Six, genetic research

(1) family survey

The incidence of depression is 2- 10 times that of normal people. If one parent suffers from bipolar disorder, the probability of emotional disorder in his children is 25%; If both parents have bipolar disorder, the probability of emotional disorder in children will increase to 50%-75%.

(2) Twin survey

The main findings of twin survey are that the comorbidity rate of bipolar disorder between monozygotic twins is (33-90)%, and that of major depression is about 50%. The comorbidity rate of bipolar disorder between fraternal twins is 5%-25%.

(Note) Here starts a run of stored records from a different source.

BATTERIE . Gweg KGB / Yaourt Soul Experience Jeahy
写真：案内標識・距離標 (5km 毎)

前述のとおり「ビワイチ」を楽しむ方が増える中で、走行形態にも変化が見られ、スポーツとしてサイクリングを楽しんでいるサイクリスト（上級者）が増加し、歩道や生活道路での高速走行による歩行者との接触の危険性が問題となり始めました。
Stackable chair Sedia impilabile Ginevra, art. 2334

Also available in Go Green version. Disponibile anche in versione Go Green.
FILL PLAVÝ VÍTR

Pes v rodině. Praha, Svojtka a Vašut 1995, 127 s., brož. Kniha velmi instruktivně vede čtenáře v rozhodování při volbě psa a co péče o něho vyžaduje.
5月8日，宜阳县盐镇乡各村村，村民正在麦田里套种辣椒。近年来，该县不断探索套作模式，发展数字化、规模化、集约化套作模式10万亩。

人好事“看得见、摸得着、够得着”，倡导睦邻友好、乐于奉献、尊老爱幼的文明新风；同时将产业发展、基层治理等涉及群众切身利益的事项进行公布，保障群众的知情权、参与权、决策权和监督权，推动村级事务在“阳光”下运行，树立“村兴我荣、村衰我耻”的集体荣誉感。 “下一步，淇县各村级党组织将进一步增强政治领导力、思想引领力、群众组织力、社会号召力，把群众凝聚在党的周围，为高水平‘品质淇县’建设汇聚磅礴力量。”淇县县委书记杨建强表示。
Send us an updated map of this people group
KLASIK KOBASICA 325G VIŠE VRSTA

(3) Investigation of foster children

Various research results show that the incidence of emotional disorders is still high even if the biological children of sick parents are fostered in a basically normal environment. However, the incidence of emotional disorders of biological children of sick parents who are fostered elsewhere is close to that of children who are not fostered, indicating that environmental factors play a less direct and important role than genetic factors.

Gene linkage research

Using the latest restriction fragment length polymorphism technology, many researchers have made many beneficial exploratory studies on specific genes or gene markers and affective disorders. However, the results are different, so we need to be careful when interpreting the gene linkage results.

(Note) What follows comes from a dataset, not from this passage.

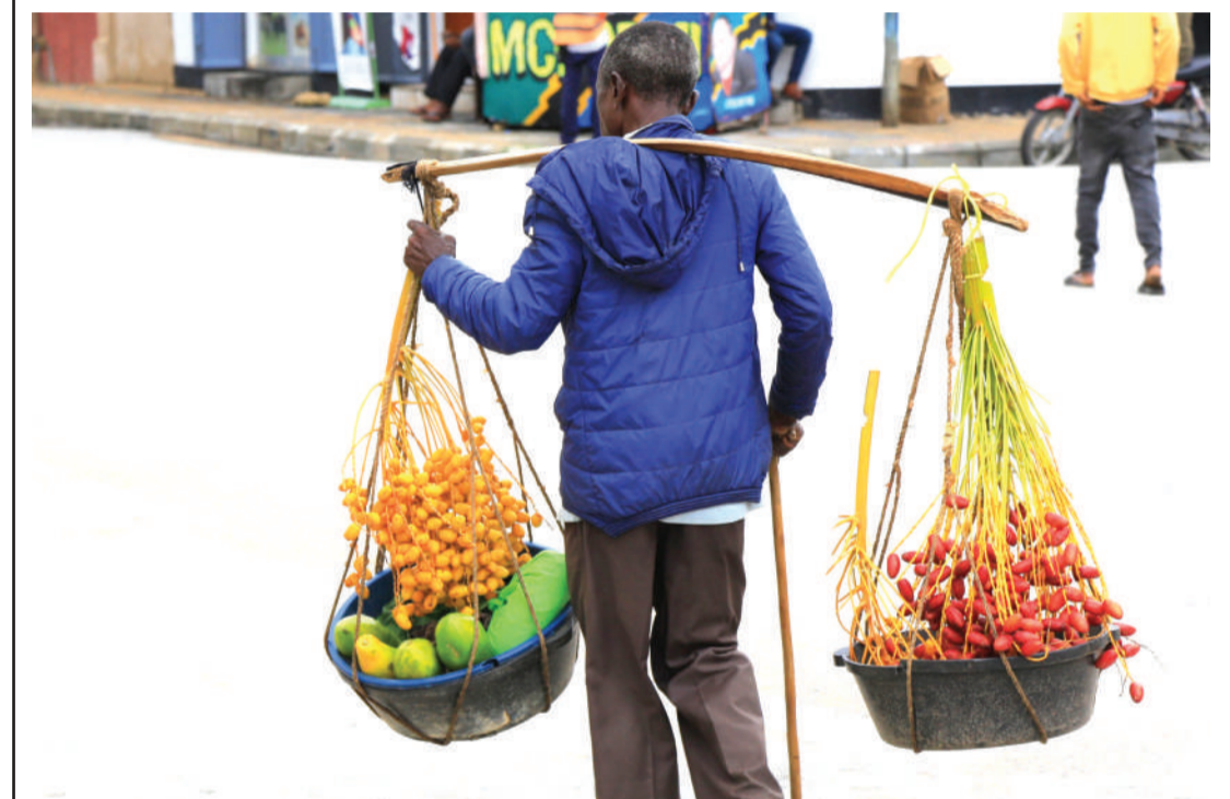
Mchuzi wa matunda akitafuta wateja katika eneo la Mji Mpya, jijini Dodoma jana.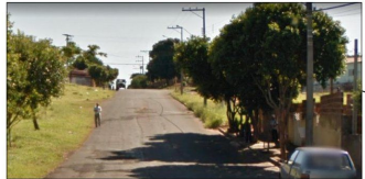
RUA PEDRO GASPARINI PARTE 2 Sem Escala

Seven. Psychosocial factors

(a) Life events and environmental stress events

Clinical observation shows that there are often stressful life events before the onset of emotional disorders. Some people think that it is etiology, which directly leads to the occurrence of depression; Others think that this event just triggered a potential state and made it happen ahead of time. It may be easier to understand the role of life events by using the above-mentioned transition state theory of susceptible quality-environmental factors.

(B) psychological theory

There are many psychological theories about the occurrence of affective disorder, including classical psychoanalysis theory, psychoanalytic-oriented psychological motivation theory, learning theory, cognitive theory and so on. Psychoanalytic theory emphasizes the influence of childhood experience on adult onset disorder, and regards depression as an attack on close friends, which is a merciless childhood depression experience. Other psychoanalysts believe that depression is a contradiction between ego and superego, or a conflict within ego.

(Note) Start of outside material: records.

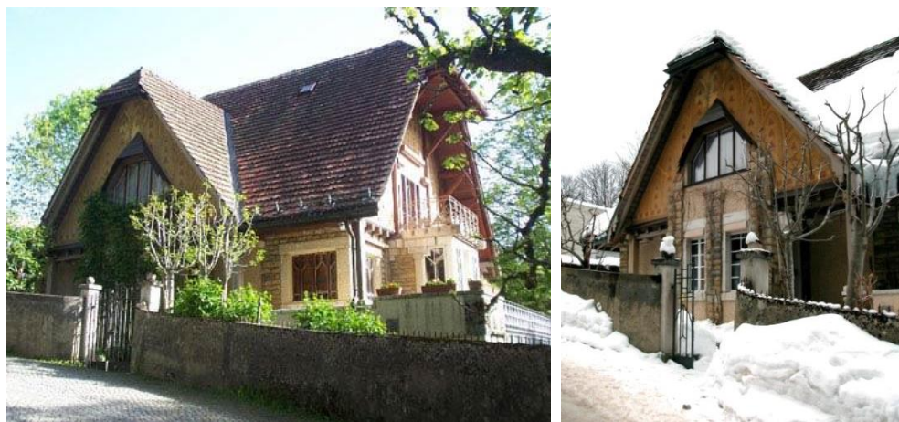
Рис. 2. Вилла Фалле (Villa Fallet) (г. Ла Шо-де-Фон, Швейцария, 1905). Видовые точки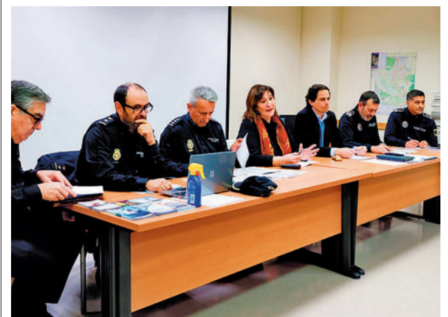
La alcaldesa, junto a miembros de los cuerpos de seguridad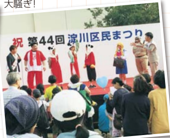
「第44回淀川区民まつり」

▼新イベント「コスプレパフォーマンス」の司会進行をしました!ステージ上は大騒ぎ!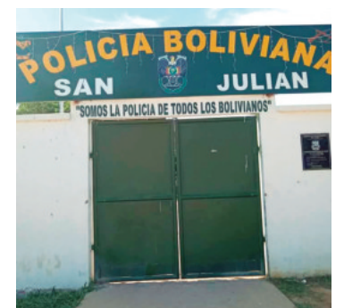
Cerrada la Policía en San Julián

Ante cualquier emergencia las autoridades aseguran que los policías de Cuatro Cañadas, que está cerca, podrán acudir al lugar para brindar atención.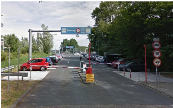
P+R Zeeburg | methode Amsterdam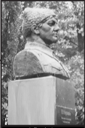
კურიშკოს ძეგლი ქალაქ ნითელწყაროში, დღევანდელი ღვთისმშობლის ტაძრის ადგილზე.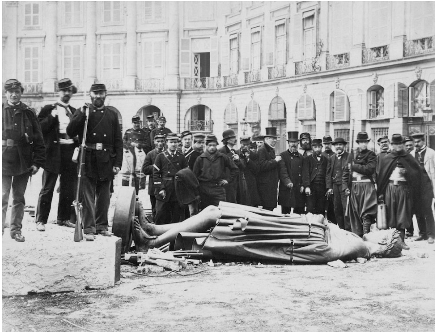
Bild 2. Pariskommunen 1871. Kommunarder på Place Vendôme vid den omkullvräta Napoleon I statyn.

Källa: Nationalencyklopedin, Pariskommunen. 95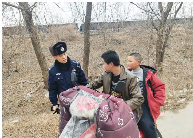
铁路公安民警对铁路沿线群众开展安全宣传。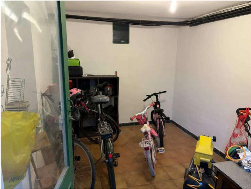
FOTO 5 - LOCALE ACCESSORIO PT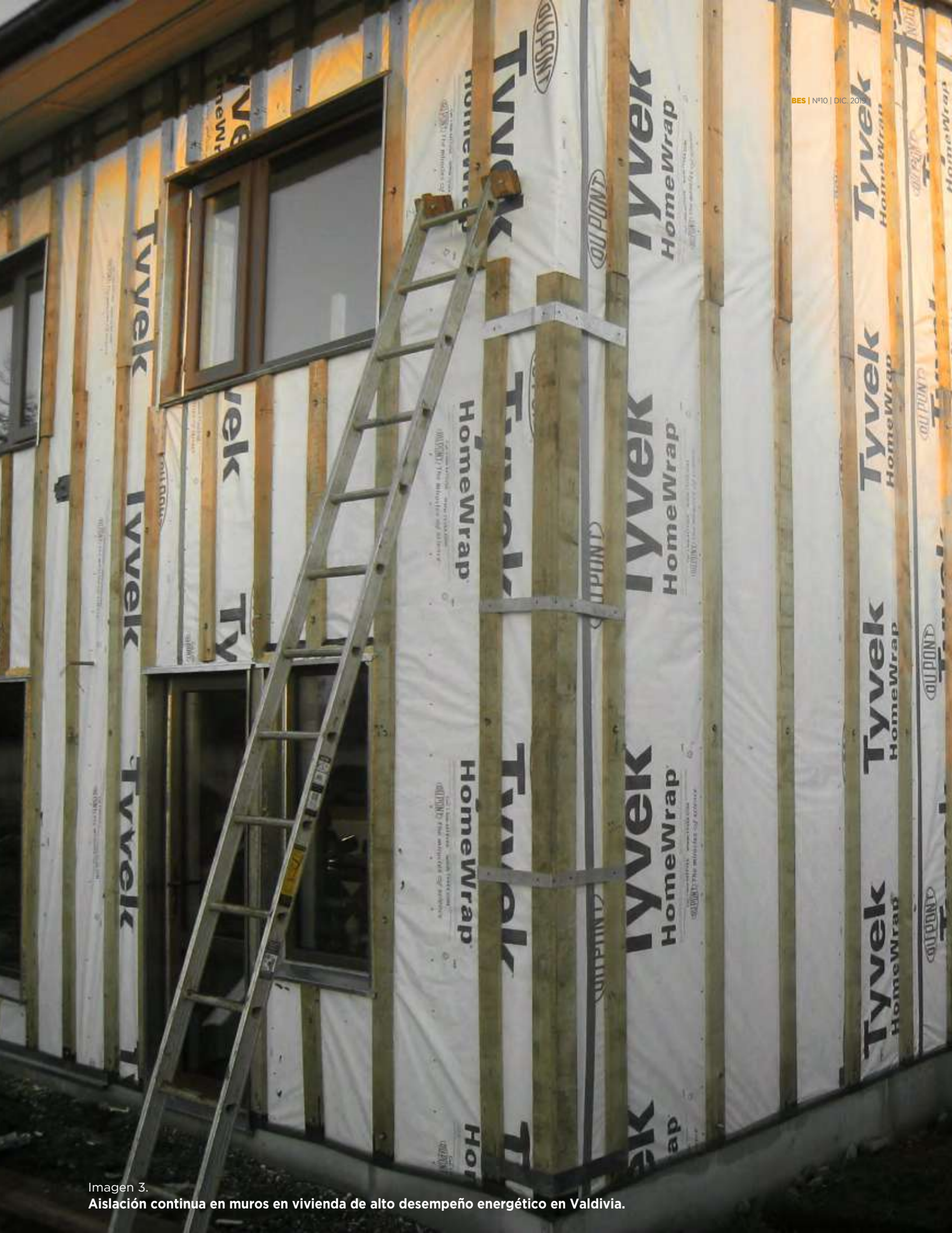
Imagen 3. Aislación continua en muros en vivienda de alto desempeño energético en Valdivia.

Learning theory explains the occurrence of depression with "acquired helplessness". In animal experiments, it is found that animals are placed in situations where repeated electric shocks cannot escape. Animals will desperately try to get rid of it at first. After a period of time, it will completely give up its efforts, so it understands that this situation is inevitable and it is in a helpless state. And people with depression have the same helpless experience. If the doctor gives the patient a sense of control and dominance over my current state, depression will get better. Therefore, behavioral reward and positive reinforcement are effective methods to treat depression.

Cognitive theory holds that patients with depression have cognitive misunderstandings, such as negative distorted experience of life experience, negative self-evaluation, pessimism and helplessness. The purpose of on-the-job therapy is to identify these negative cognitive misunderstandings and correct patients' thinking through behavioral work methods.